Cluster analysis#
Two types of unsupervised cluster analysis: partitioning and hierarchical.
Partitioning algorithms separate objects(features) into a finite set of disjoint subsets, each of which has a center based on the average feature values within the cluster.
Hierarchical algorithms order objects(features) into a hierarchically nested sequence, or tree structure, for which the result is a dendogram that contains a root, branches, and leaves.

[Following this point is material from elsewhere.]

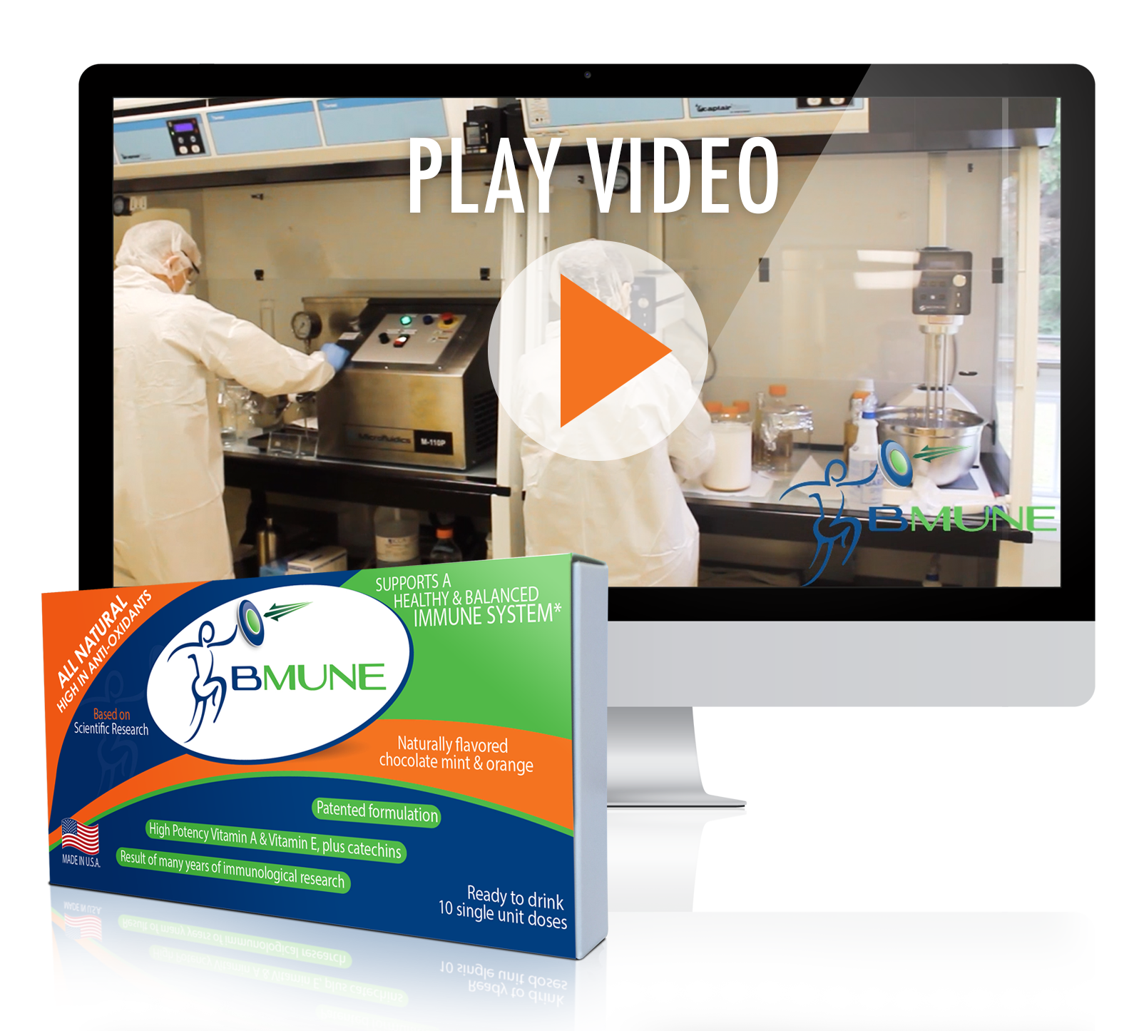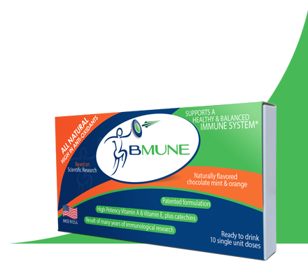 BMUNE is a science-based, all natural, liquid dietary supplement that is designed to maintain a healthy and balanced immune system*. The BMUNE formulation is patented (US patent Numbers 8,425,922 and 9,180,184) and is based on years of scientific research on the synergy between the active ingredients, i.e. the two vitamins, the Catechin, and a vegetable oil that is high in omega 3 and 6 fatty acids. This formulation is presented in the form of a ready to drink liquid with the amazing taste of natural chocolate-mint & orange. This powerful combination of antioxidants and immuno-modulators is designed to be taken up by cells to readily exert their effect*. BMUNE is made in USA of the highest quality all-natural raw materials and under strict adherence to FDA manufacturing guidelines.

Resemblance coefficients or distance metrics, which form a matrix of all pairwise comparisons of similarity or dissimilarity between objects.
Correlation is a similarity coefficient.
Computationally efficient variant of correlation is Pitman correlation
Other names for Euclidean and Manhattan distance are the \(L_1\) and \(L_2\) distance, respectively (see here)
Dot production: \(x_l'x_m\)
Norm of a vector: \(||\mathbf{x}|| = \sqrt{x_1^2 + \cdots + x_p^2}\)
Cluster validity:
Ideal cluster structure will reveal clusters whose centers are far apart and whose assigned objects are all close in proximity.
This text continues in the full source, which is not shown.